利用情境特徵

在 TensorFlow.org 上檢視 在 Google Colab 中執行 在 GitHub 上檢視原始碼 下載筆記本

特徵化教學課程中,我們將使用者和電影 ID 以外的多個特徵納入模型,但我們尚未探討這些特徵是否能提高模型準確度。

許多因素會影響 ID 以外的特徵在推薦模型中是否有用

  1. 情境的重要性:如果使用者偏好在不同情境和時間中相對穩定,則情境特徵可能不會帶來太多好處。但是,如果使用者偏好具有高度情境性,則新增情境將顯著改善模型。例如,星期幾可能是決定是否推薦短片或電影的重要特徵:使用者可能只有在週間才有時間觀看短片內容,但在週末可以放鬆身心,欣賞完整長度的電影。同樣地,查詢時間戳記可能在建立熱門程度動態模型方面發揮重要作用:一部電影在發行時可能非常熱門,但之後會迅速衰退。相反地,其他電影可能是常青片,人們會一次又一次地樂於觀看。
  2. 資料稀疏性:如果資料稀疏,則使用非 ID 特徵可能至關重要。由於給定使用者或項目的觀察次數很少,模型可能難以估計良好的使用者或項目表示法。為了建構準確的模型,必須使用其他特徵,例如項目類別、描述和圖片,以協助模型概括訓練資料以外的內容。
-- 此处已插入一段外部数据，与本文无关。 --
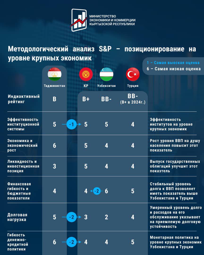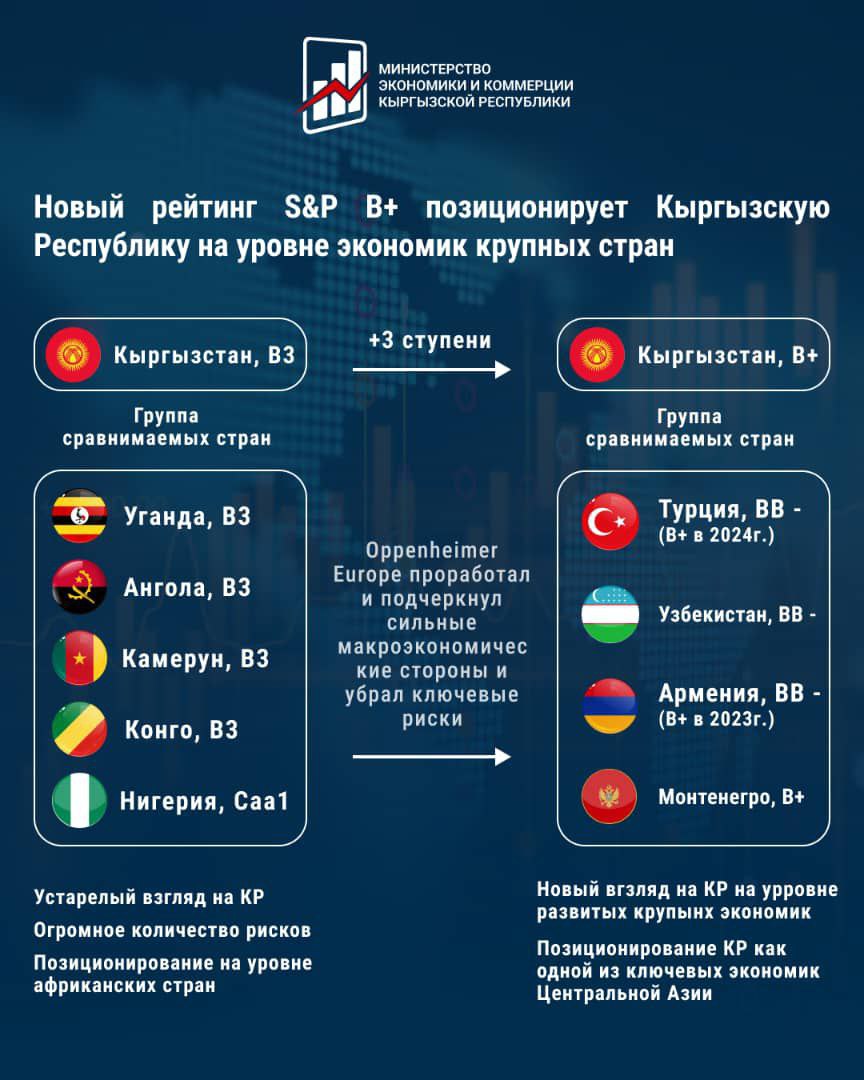 Для частного бизнеса внутри страны повышение суверенного рейтинга также имеет важное значение. «Корпоративные рейтинги компаний и банков Кыргызстана будут ориентироваться на суверенный рейтинг, что облегчит им доступ к финансированию», — отметил министр.

這在冷啟動情況下尤其相關,在這些情況下,關於某些項目或使用者的資料相對較少。

在本教學課程中,我們將實驗將電影標題和使用者 ID 以外的特徵用於我們的 MovieLens 模型。

預備知識

我們先匯入必要的套件。

pip install -q tensorflow-recommenders
pip install -q --upgrade tensorflow-datasets
import os
import tempfile

import numpy as np
import tensorflow as tf
import tensorflow_datasets as tfds

import tensorflow_recommenders as tfrs
2022-12-14 12:11:12.860829: W tensorflow/compiler/xla/stream_executor/platform/default/dso_loader.cc:64] Could not load dynamic library 'libnvinfer.so.7'; dlerror: libnvinfer.so.7: cannot open shared object file: No such file or directory
2022-12-14 12:11:12.860920: W tensorflow/compiler/xla/stream_executor/platform/default/dso_loader.cc:64] Could not load dynamic library 'libnvinfer_plugin.so.7'; dlerror: libnvinfer_plugin.so.7: cannot open shared object file: No such file or directory
2022-12-14 12:11:12.860930: W tensorflow/compiler/tf2tensorrt/utils/py_utils.cc:38] TF-TRT Warning: Cannot dlopen some TensorRT libraries. If you would like to use Nvidia GPU with TensorRT, please make sure the missing libraries mentioned above are installed properly.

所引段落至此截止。